Prometheus生態系統由各種組件組成,用於功能的擴充:
組件 |
描述 |
Prometheus Server |
負責監控數據採集和時序數據存儲,並提供數據查詢功能。 |
客戶端SDK |
對接Prometheus的開發工具包。 |
Push Gateway |
推送數據的網關組件。 |
第三方Exporter |
各種外部指標收集系統,其數據可以被Prometheus採集 |
AlertManager |
告警管理器。 |
其他輔助支持工具 |
– |
Prometheus的核心組件Prometheus Server的主要功能包括:
從Kubernetes Master獲取需要監控的資源或服務信息;從各種Exporter抓取(Pull)指標數據,然後將指標數據保存在時序資料庫(TSDB)中;向其他系統提供HTTP API進行查詢;提供基於PromQL語言的數據查詢;可以將告警數據推送(Push)給AlertManager,等等。
Prometheus的系統架構:
NodeExporter
NodeExporter主要用來採集伺服器CPU、內存、磁碟、IO等信息,是機器數據的通用採集方案。只要在宿主機上安裝NodeExporter和cAdisor容器,通過Prometheus進行抓取即可。它同Zabbix的功能相似.
Grafana
Grafana是一個Dashboard工具,用Go和JS開發,它是一個時間序列資料庫的界面展示層,通過SQL命令查詢出Metrics並將結果展示出來。

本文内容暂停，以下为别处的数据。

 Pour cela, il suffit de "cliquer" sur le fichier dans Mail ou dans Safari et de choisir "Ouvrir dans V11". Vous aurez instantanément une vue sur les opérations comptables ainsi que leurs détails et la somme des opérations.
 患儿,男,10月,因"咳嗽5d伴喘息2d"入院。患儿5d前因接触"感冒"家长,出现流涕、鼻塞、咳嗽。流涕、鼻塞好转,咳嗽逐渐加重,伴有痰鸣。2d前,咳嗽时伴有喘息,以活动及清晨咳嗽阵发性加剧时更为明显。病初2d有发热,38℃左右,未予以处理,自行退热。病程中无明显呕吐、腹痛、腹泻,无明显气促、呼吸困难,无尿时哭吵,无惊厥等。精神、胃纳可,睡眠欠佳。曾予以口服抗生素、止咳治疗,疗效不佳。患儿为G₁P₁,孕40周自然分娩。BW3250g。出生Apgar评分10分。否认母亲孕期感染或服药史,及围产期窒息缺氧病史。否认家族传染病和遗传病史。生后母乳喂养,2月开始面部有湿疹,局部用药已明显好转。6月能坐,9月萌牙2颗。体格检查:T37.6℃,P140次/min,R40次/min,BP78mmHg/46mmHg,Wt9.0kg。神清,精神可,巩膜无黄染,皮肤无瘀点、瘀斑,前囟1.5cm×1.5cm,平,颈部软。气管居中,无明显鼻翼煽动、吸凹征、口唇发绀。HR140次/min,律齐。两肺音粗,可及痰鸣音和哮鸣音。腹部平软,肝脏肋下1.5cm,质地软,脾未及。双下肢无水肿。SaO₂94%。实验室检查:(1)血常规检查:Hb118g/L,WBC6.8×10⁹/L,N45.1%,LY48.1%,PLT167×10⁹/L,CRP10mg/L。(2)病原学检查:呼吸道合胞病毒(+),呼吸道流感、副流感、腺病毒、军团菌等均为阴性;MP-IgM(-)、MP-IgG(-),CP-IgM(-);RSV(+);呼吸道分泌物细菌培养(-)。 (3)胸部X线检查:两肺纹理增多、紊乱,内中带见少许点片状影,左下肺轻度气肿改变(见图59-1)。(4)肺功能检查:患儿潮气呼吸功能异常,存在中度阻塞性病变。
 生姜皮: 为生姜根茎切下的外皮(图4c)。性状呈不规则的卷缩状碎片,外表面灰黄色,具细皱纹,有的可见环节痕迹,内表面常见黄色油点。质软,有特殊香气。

它能自定義多種儀錶盤,可以輕鬆實現覆蓋多個Docker的宿主機監控信息的展現。
搭建Prometheus+Grafana+NodeExporter平台
這裡我們通過helm的方式搭建,簡單方便快捷,運行之後,相關的鏡像都會創建成功.下面是創建成功的鏡像列表。

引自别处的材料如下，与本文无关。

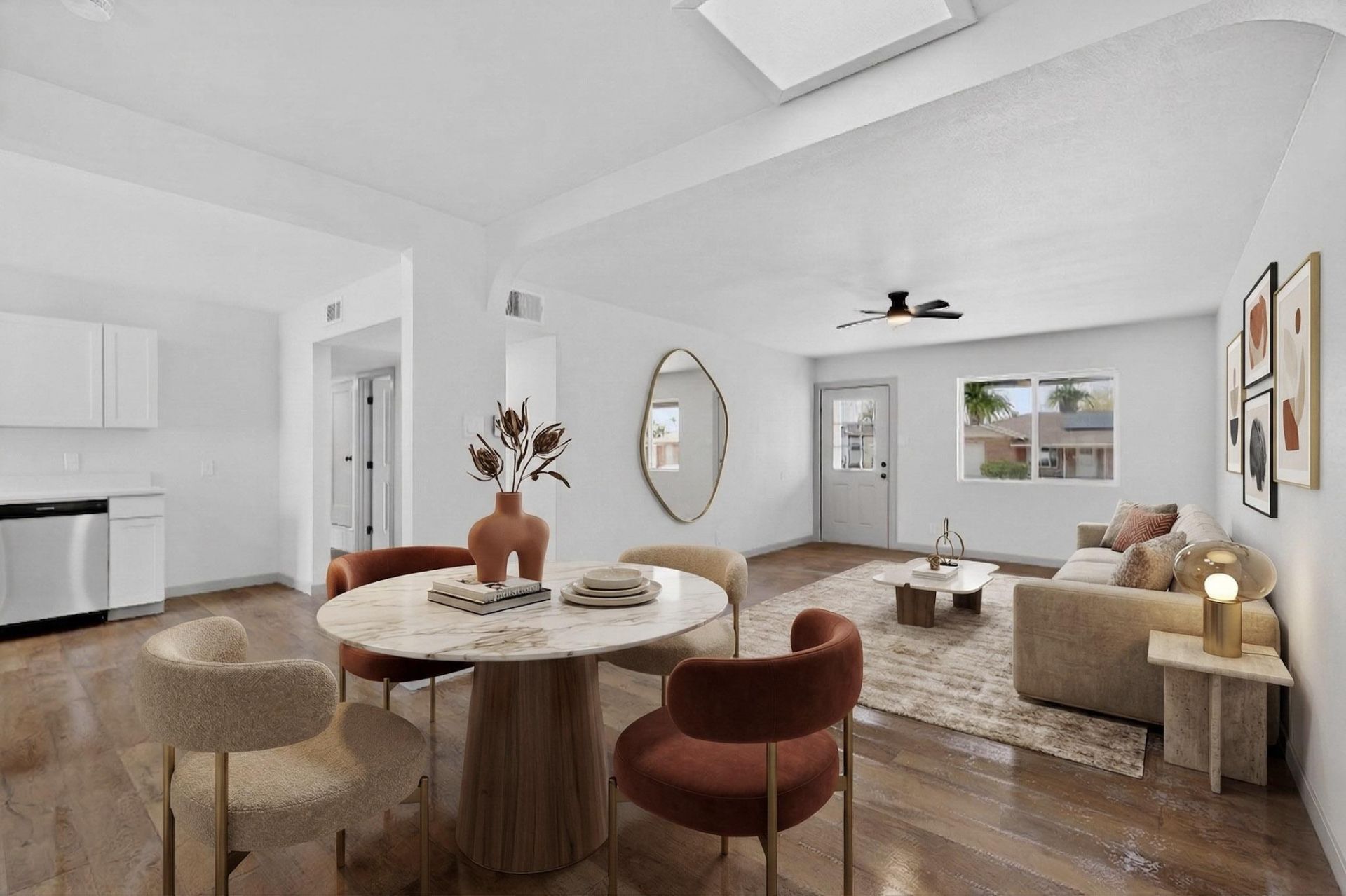 Step into this stunning 4-bedroom, 2-bath home where modern style meets everyday comfort. The inviting exterior features fresh paint, a spacious concrete driveway and easy-care landscaping. Inside, a bright open layout welcomes you with warm wood floors, exposed beams and abundant natural light. The sleek kitchen shines with white cabinetry, quartz-style countertops and stainless steel appliances-perfect for gathering and entertaining. Spacious bedrooms offer flexibility for any lifestyle, while both bathrooms showcase clean, modern finishes. Move-in ready and designed to impress, this home is the perfect place to settle in and enjoy.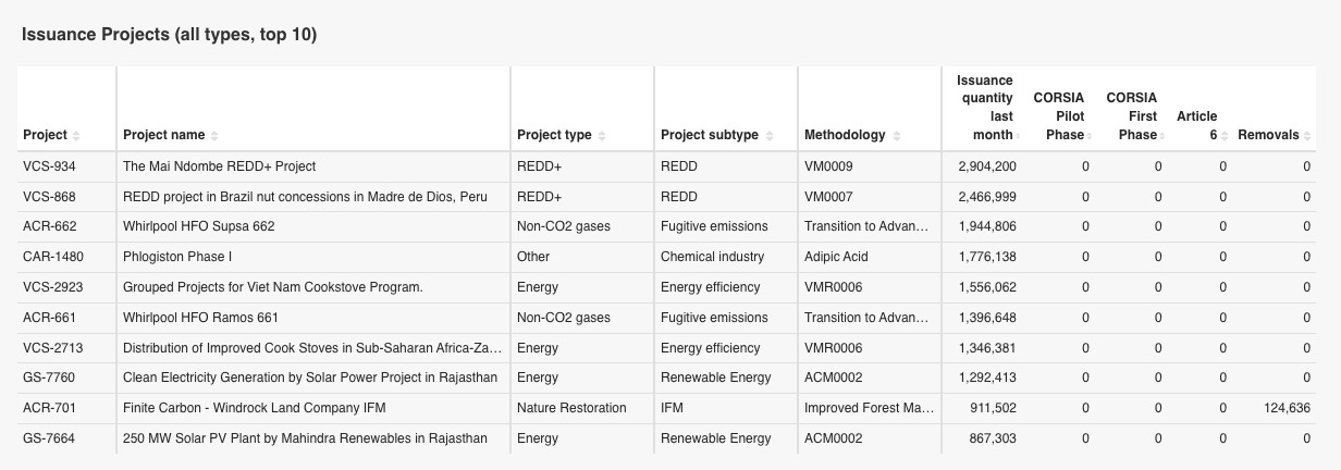 以下は、本対象期間にクレジットが発行されたプロジェクトの上位10件です。

┌──[root@vms81.liruilongs.github.io]-[~/ansible/k8s-helm-create/kube-prometheus-stack]
└─$kubectl get pods
NAME READY STATUS RESTARTS AGE
alertmanager-liruilong-kube-prometheus-alertmanager-0 2/2 Running 0 61m
liruilong-grafana-5955564c75-zpbjq 3/3 Running 0 62m
liruilong-kube-prometheus-operator-5cb699b469-fbkw5 1/1 Running 0 62m
liruilong-kube-state-metrics-5dcf758c47-bbwt4 1/1 Running 7 (32m ago) 62m
liruilong-prometheus-node-exporter-rfsc5 1/1 Running 0 62m
liruilong-prometheus-node-exporter-vm7s9 1/1 Running 0 62m
liruilong-prometheus-node-exporter-z9j8b 1/1 Running 0 62m
prometheus-liruilong-kube-prometheus-prometheus-0 2/2 Running 0 61m
┌──[root@vms81.liruilongs.github.io]-[~/ansible/k8s-helm-create/kube-prometheus-stack]
└─$
環境版本
我的K8s集群版本
┌──[root@vms81.liruilongs.github.io]-[~/ansible/k8s-helm-create]
└─$kubectl get nodes
NAME STATUS ROLES AGE VERSION
vms81.liruilongs.github.io Ready control-plane,master 34d v1.22.2
vms82.liruilongs.github.io Ready <none> 34d v1.22.2
vms83.liruilongs.github.io Ready <none> 34d v1.22.2
hrlm版本
┌──[root@vms81.liruilongs.github.io]-[~/ansible/k8s-helm-create]
└─$helm version
version.BuildInfo{Version:"v3.2.1", GitCommit:"fe51cd1e31e6a202cba7dead9552a6d418ded79a", GitTreeState:"clean", GoVersion:"go1.13.10"}
prometheus-operator(舊名字)安裝出現的問題
┌──[root@vms81.liruilongs.github.io]-[~/ansible/k8s-helm-create]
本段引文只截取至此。